** Opening MATERIAL FOR THIS TASK block **
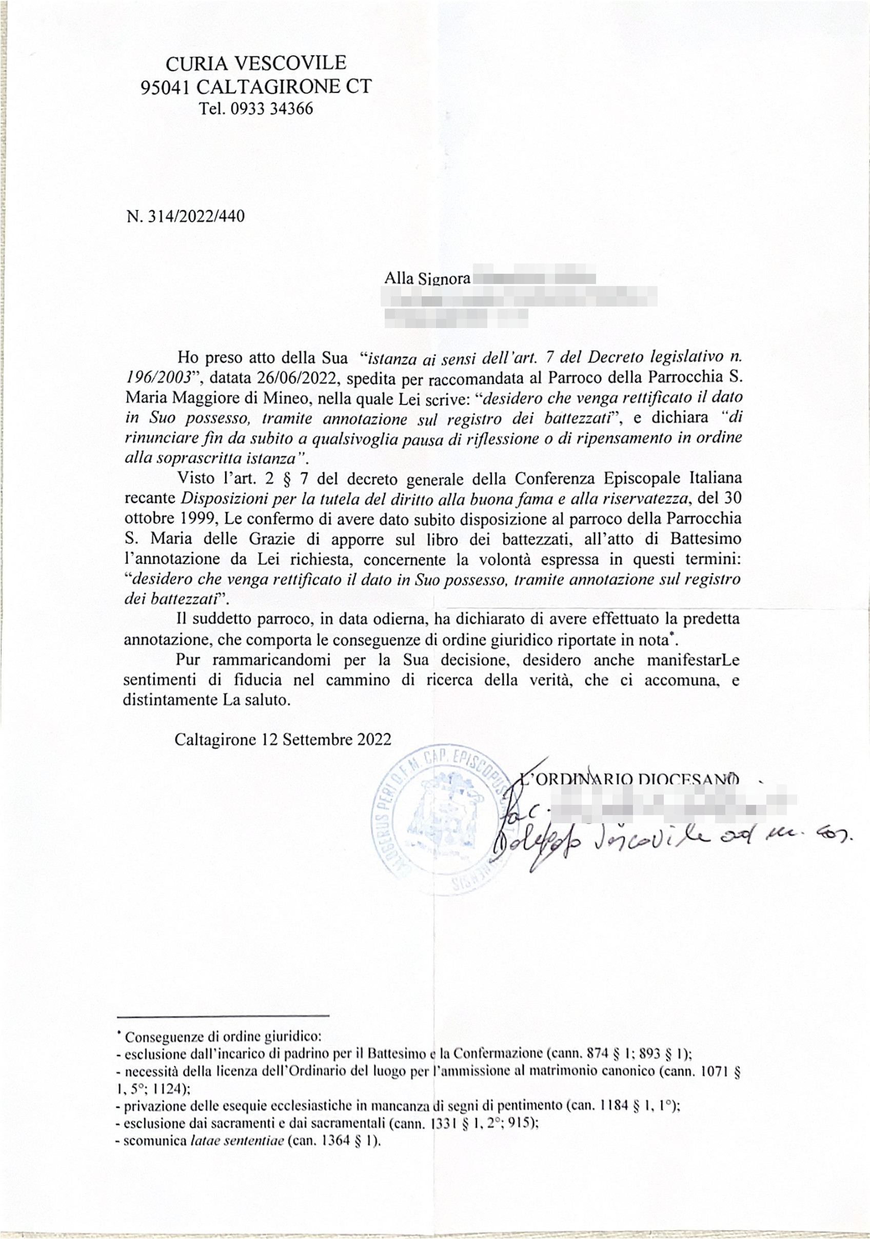 Una persona ha chiesto la rettifica dei dati relativi al proprio battesimo avvenuto a S. Maria Maggiore - MINEO (CT) il 12/09/2022, dichiarando di non voler più far parte della Chiesa Cattolica.
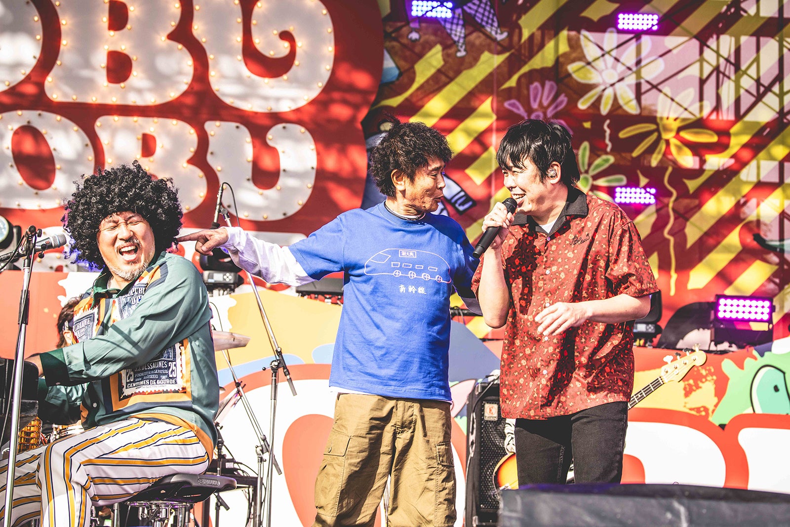 DAY1のヘッドライナーは浜田。まずは「エキセントリック少年ボウイのテーマ」を、『ごぶごぶラジオ』の面々と軽快に響かせる。ノスタルジックなスライドギターが印象的な「幸せであれ」の後、「ここでガス抜きさせてもらっていいですか?カラオケに行ったら絶対に歌う曲なんです」と、内藤やす子の「六本木ララバイ」を悦に入って歌う浜田に、「止めて止めて!」と駆け寄ったのはオカモトだ。いわく「ラジオでは共演してますけど、物理的に隣にいるのを皆さんに見られるのは今日が初めて」という初の親子フェス共演に、終始「やりにくいわ~」と返す浜田だったが、親子でセッションした「春はまだか」は、まぎれもなくこの日のハイライトだったと言えるだろう。最後は出演者が次々と呼び込まれ、H Jungle withtのヒット曲「WOW WAR TONIGHT 〜時には起こせよムーヴメント~」を、アーティストもオーディエンスも一体となって大合唱。木村やDA PUMPのTOMOも感極まるなか、親子共々感謝を述べる感動的なラストシーンで初日を締めくくった。
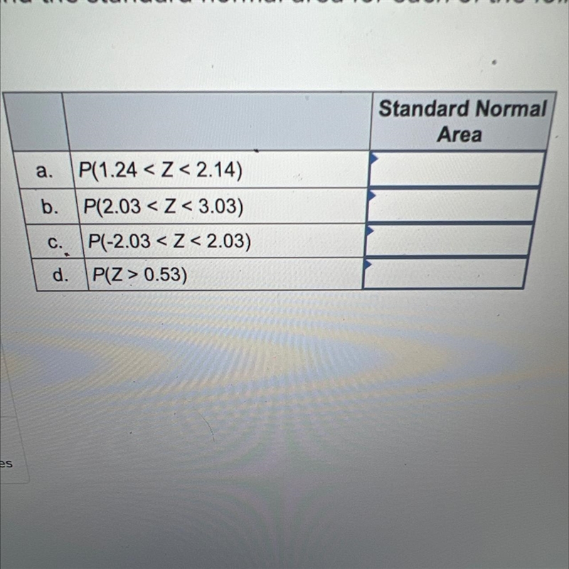 Find the standard normal area for each of the following (round your answer to 4 decimal places)
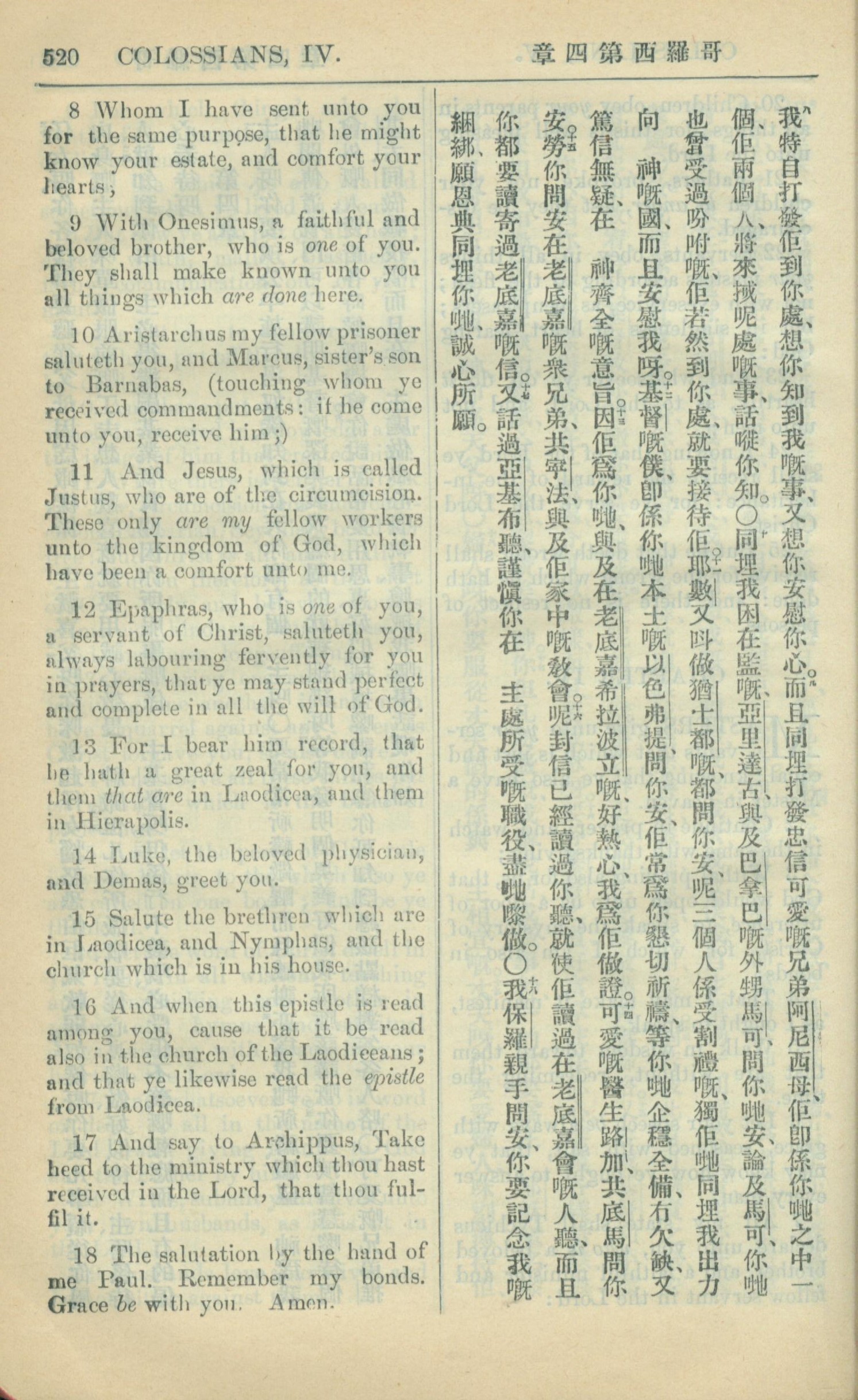 1909年中西字新約全書 歌羅西書 4 章 8 節到 4 章 18 節
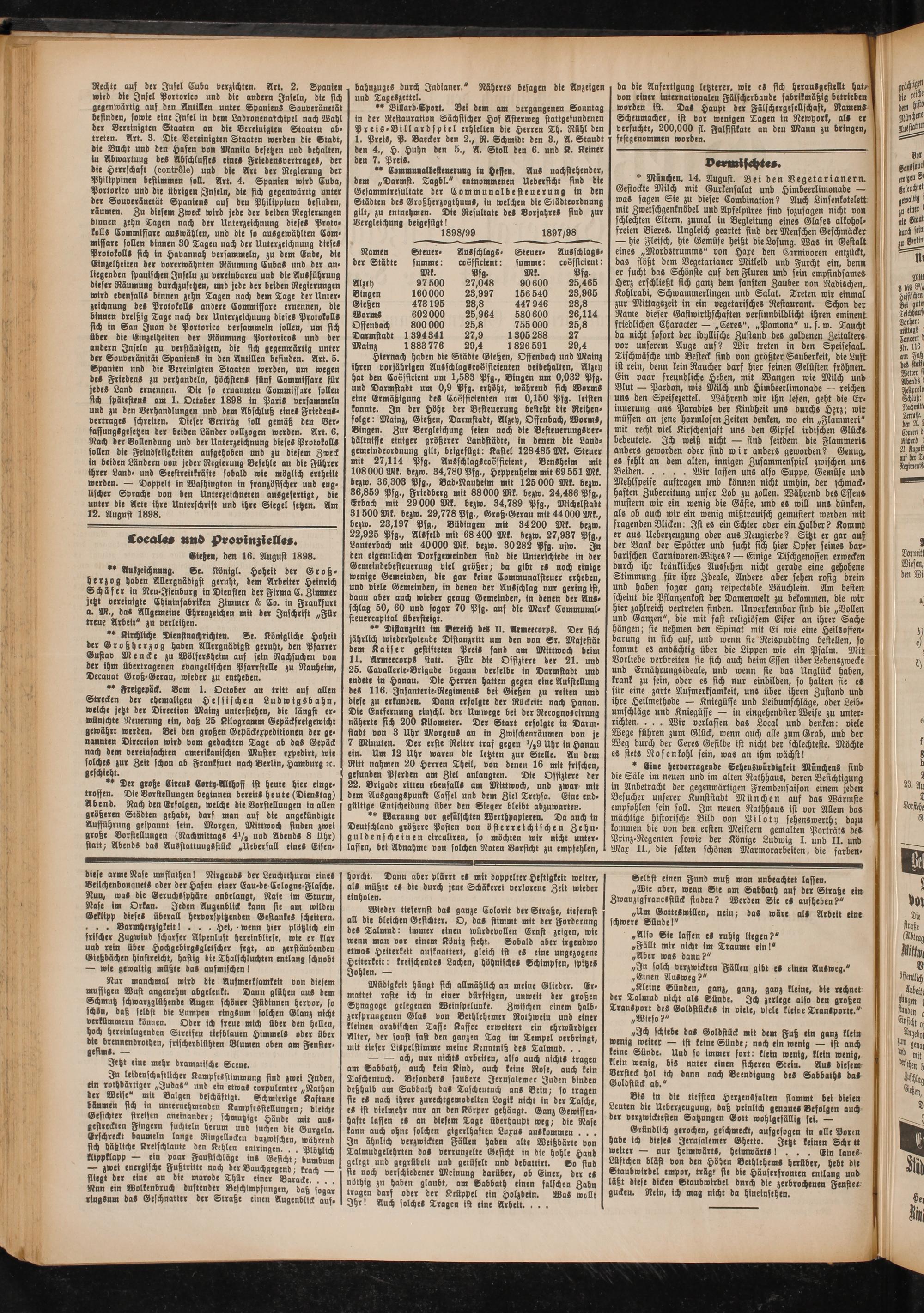 • • Commuoalbesteuttuug in Hessen, Aus nachstehender, dem „Darmst. Tagbl." eotnommeoen Ueberficht find die Gesammtresultate der Commuualbesteueruog in den Städten de- Großherzogthums, in welchen die Städteorduung gilt, zu entnehmen. Die Resultate des Vorjahres find zur Vergleichung beigefügt!
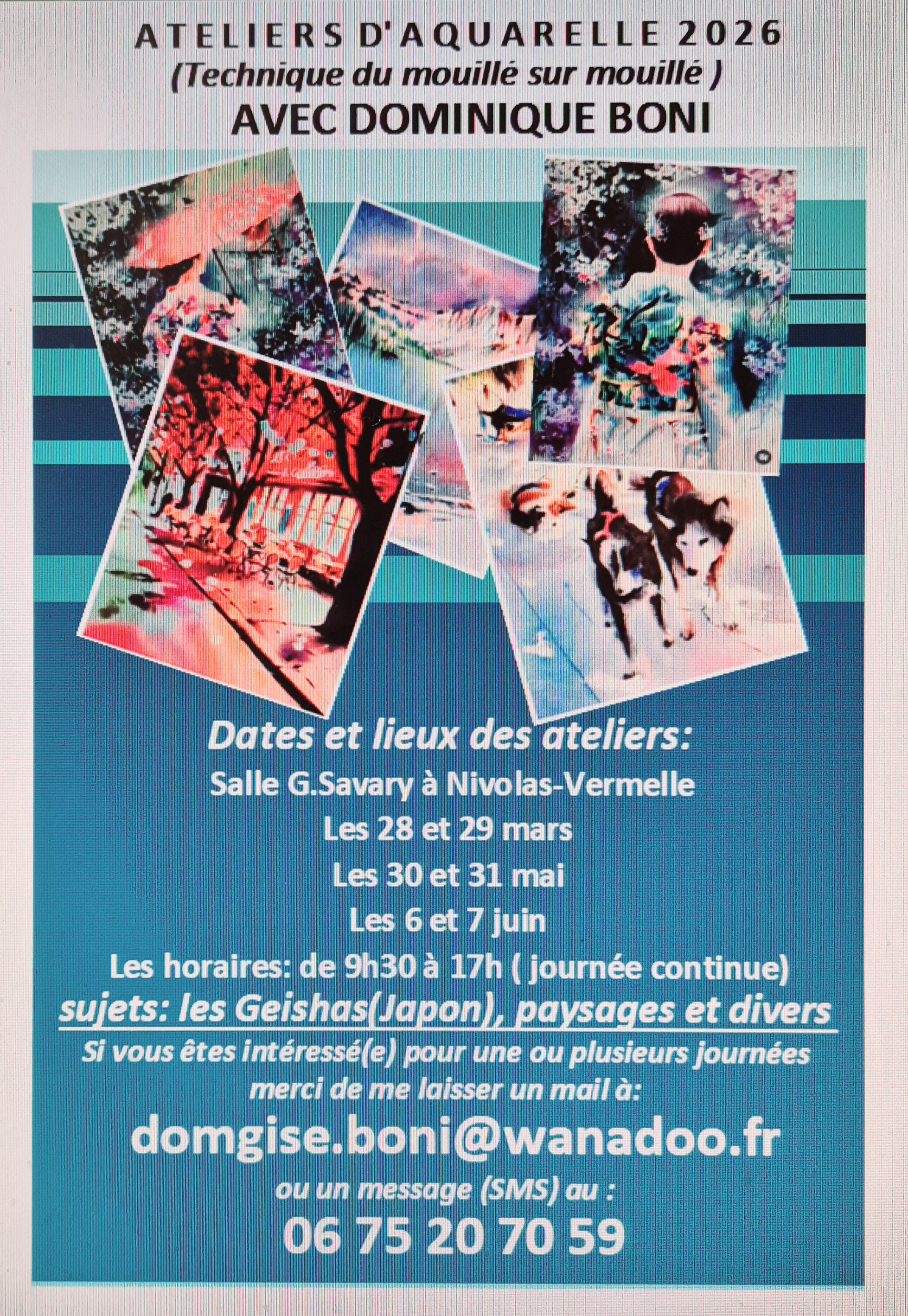 Atelier d'aquarelle avec la technique du mouillé sur mouillé
** Closing MATERIAL FOR THIS TASK block **
AIM OF THE EXERCISE:
All entries should be given again exactly, except that pictures are to be excluded.

COMPLETED TASK:
 Una persona ha chiesto la rettifica dei dati relativi al proprio battesimo avvenuto a S. Maria Maggiore - MINEO (CT) il 12/09/2022, dichiarando di non voler più far parte della Chiesa Cattolica.
 DAY1のヘッドライナーは浜田。まずは「エキセントリック少年ボウイのテーマ」を、『ごぶごぶラジオ』の面々と軽快に響かせる。ノスタルジックなスライドギターが印象的な「幸せであれ」の後、「ここでガス抜きさせてもらっていいですか?カラオケに行ったら絶対に歌う曲なんです」と、内藤やす子の「六本木ララバイ」を悦に入って歌う浜田に、「止めて止めて!」と駆け寄ったのはオカモトだ。いわく「ラジオでは共演してますけど、物理的に隣にいるのを皆さんに見られるのは今日が初めて」という初の親子フェス共演に、終始「やりにくいわ~」と返す浜田だったが、親子でセッションした「春はまだか」は、まぎれもなくこの日のハイライトだったと言えるだろう。最後は出演者が次々と呼び込まれ、H Jungle withtのヒット曲「WOW WAR TONIGHT 〜時には起こせよムーヴメント~」を、アーティストもオーディエンスも一体となって大合唱。木村やDA PUMPのTOMOも感極まるなか、親子共々感謝を述べる感動的なラストシーンで初日を締めくくった。
 Find the standard normal area for each of the following (round your answer to 4 decimal places)
 1909年中西字新約全書 歌羅西書 4 章 8 節到 4 章 18 節
 • • Commuoalbesteuttuug in Hessen, Aus nachstehender, dem „Darmst. Tagbl." eotnommeoen Ueberficht find die Gesammtresultate der Commuualbesteueruog in den Städten de- Großherzogthums, in welchen die Städteorduung gilt, zu entnehmen. Die Resultate des Vorjahres find zur Vergleichung beigefügt!
 Atelier d'aquarelle avec la technique du mouillé sur mouillé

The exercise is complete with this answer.